— What you should do —
In the records below, find the line that contains "Таким образом, оказалось, что" and the line that contains "طاولة مدخل أنيقة"; write out exactly those two lines and everything between them, without the pictures.

— Supplied records —
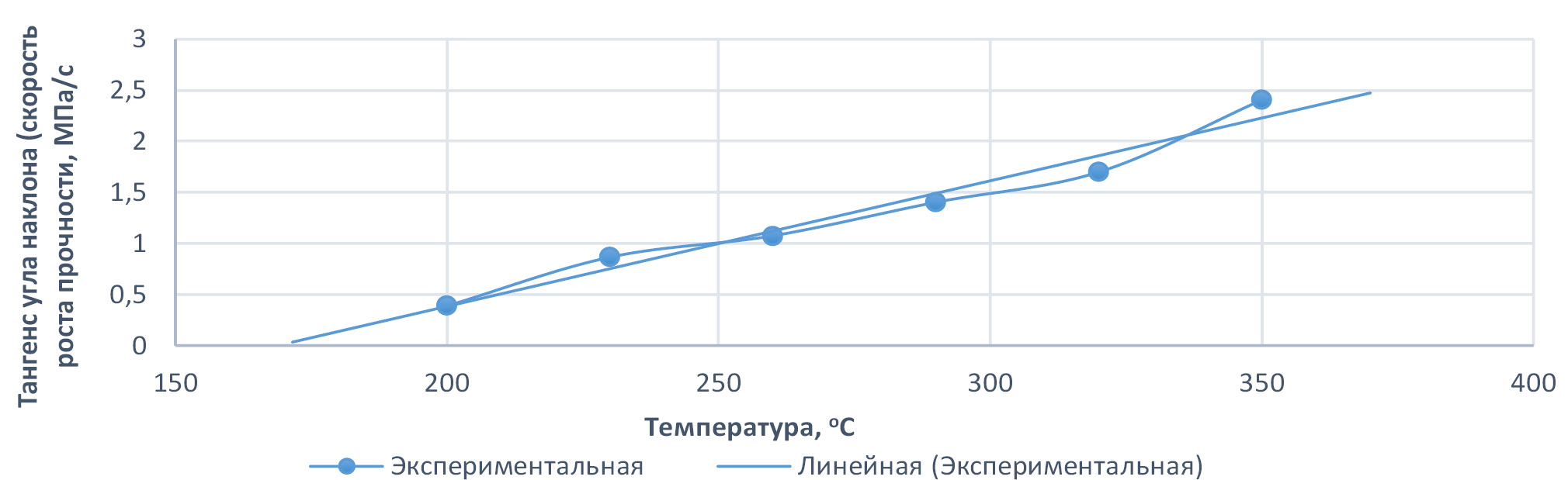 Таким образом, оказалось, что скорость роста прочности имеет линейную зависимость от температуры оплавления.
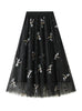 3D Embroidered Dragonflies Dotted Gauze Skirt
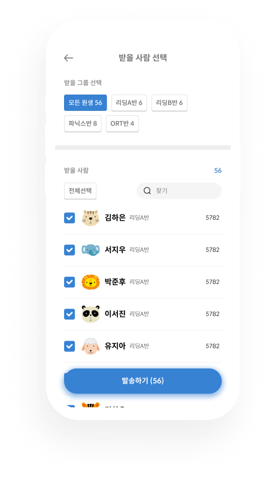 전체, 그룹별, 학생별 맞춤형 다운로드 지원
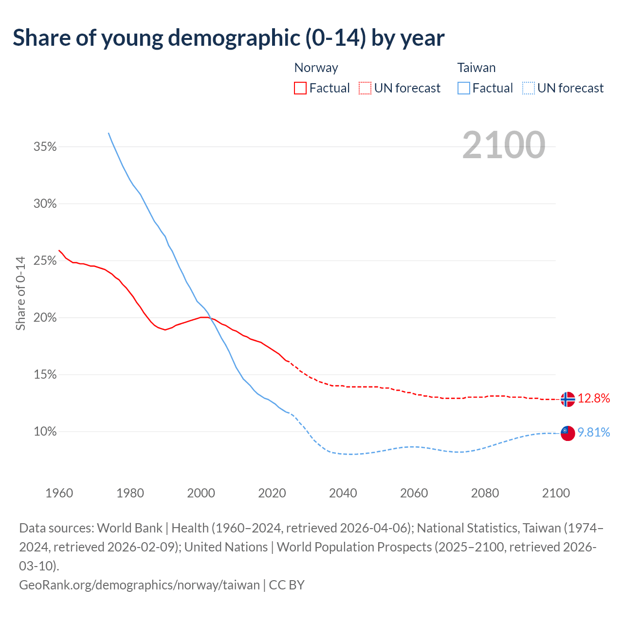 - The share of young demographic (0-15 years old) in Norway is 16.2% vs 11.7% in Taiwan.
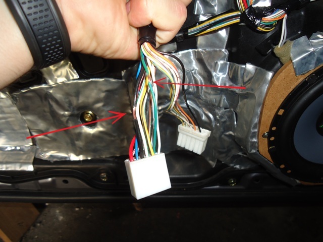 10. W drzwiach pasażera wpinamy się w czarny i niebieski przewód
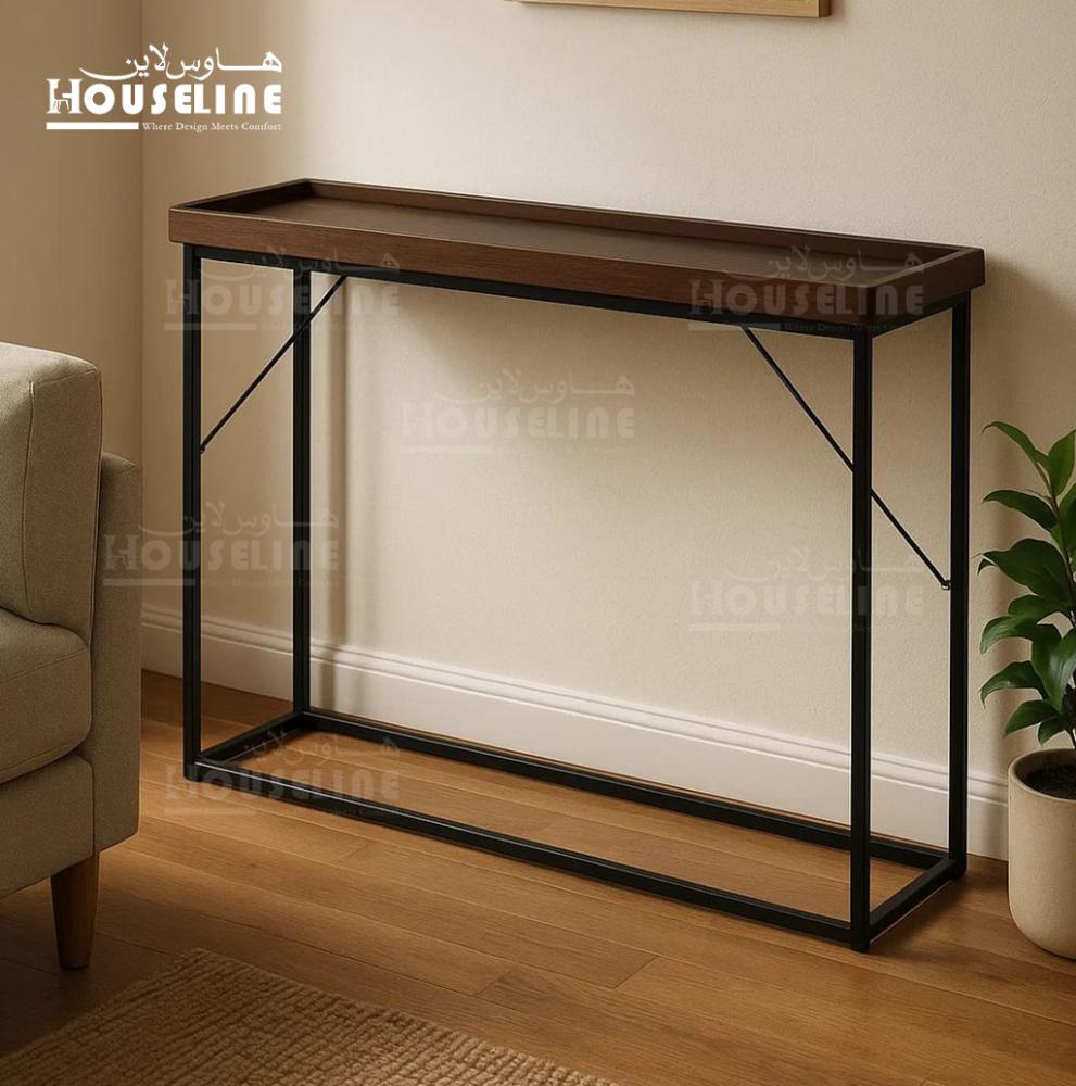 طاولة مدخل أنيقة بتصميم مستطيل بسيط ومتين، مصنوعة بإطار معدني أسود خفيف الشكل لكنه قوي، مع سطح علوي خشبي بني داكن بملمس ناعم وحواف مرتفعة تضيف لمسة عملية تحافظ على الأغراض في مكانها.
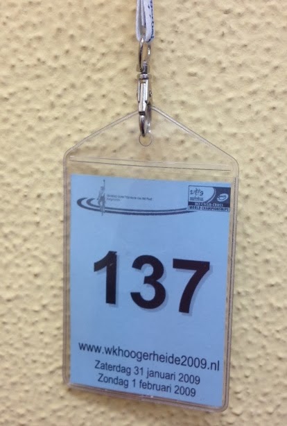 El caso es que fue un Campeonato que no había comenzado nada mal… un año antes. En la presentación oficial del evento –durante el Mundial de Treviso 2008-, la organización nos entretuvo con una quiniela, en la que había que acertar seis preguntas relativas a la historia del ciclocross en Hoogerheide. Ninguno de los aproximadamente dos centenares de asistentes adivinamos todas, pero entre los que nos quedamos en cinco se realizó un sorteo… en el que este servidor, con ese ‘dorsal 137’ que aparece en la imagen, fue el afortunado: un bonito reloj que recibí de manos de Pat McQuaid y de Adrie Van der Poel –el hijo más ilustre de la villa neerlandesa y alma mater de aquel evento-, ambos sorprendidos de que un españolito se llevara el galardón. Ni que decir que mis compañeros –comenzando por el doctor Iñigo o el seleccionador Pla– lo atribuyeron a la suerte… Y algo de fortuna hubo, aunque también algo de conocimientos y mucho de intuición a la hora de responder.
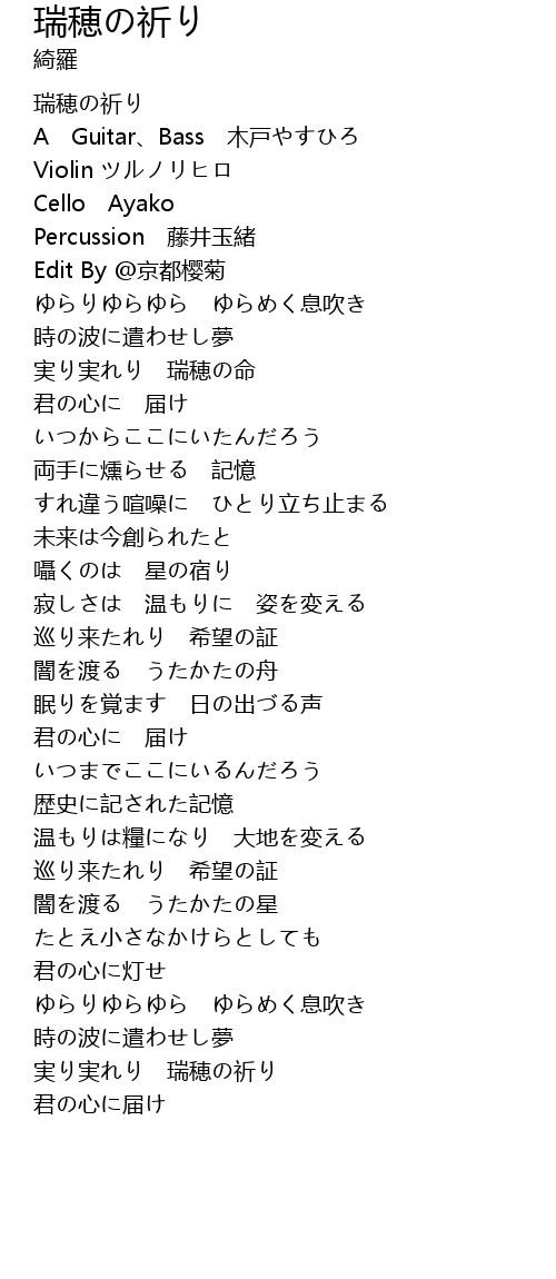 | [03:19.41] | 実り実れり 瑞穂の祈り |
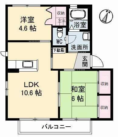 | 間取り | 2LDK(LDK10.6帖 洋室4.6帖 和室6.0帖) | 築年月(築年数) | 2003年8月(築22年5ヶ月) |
---
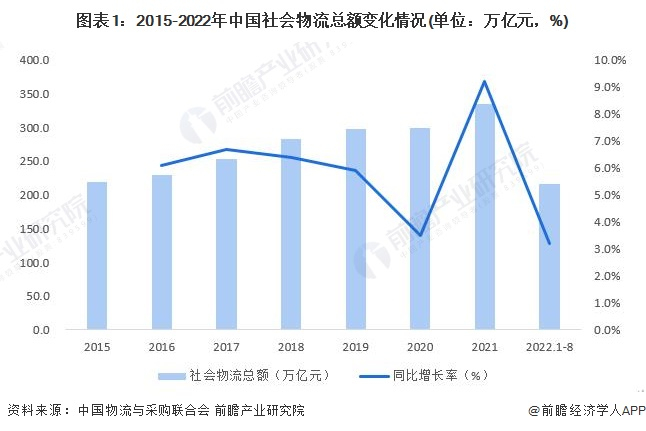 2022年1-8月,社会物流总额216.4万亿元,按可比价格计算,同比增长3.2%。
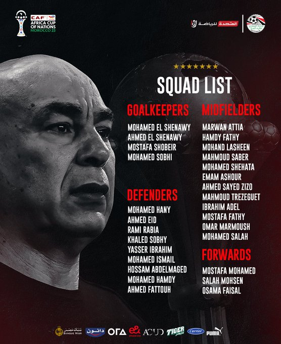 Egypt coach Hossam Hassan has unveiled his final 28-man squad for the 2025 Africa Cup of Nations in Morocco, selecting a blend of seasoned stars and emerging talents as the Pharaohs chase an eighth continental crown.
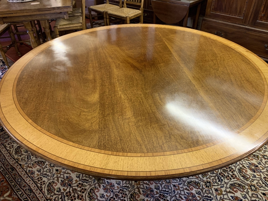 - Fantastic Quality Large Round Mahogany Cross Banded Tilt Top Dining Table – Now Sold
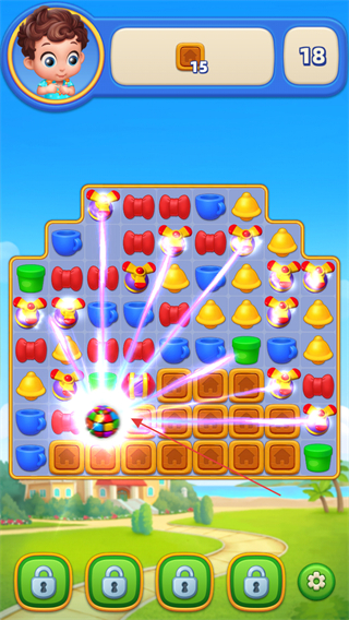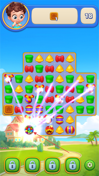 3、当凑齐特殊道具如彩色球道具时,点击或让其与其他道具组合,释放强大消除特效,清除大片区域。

— Expected answer —
 Таким образом, оказалось, что скорость роста прочности имеет линейную зависимость от температуры оплавления.
 3D Embroidered Dragonflies Dotted Gauze Skirt
 전체, 그룹별, 학생별 맞춤형 다운로드 지원
 - The share of young demographic (0-15 years old) in Norway is 16.2% vs 11.7% in Taiwan.
 10. W drzwiach pasażera wpinamy się w czarny i niebieski przewód
 طاولة مدخل أنيقة بتصميم مستطيل بسيط ومتين، مصنوعة بإطار معدني أسود خفيف الشكل لكنه قوي، مع سطح علوي خشبي بني داكن بملمس ناعم وحواف مرتفعة تضيف لمسة عملية تحافظ على الأغراض في مكانها.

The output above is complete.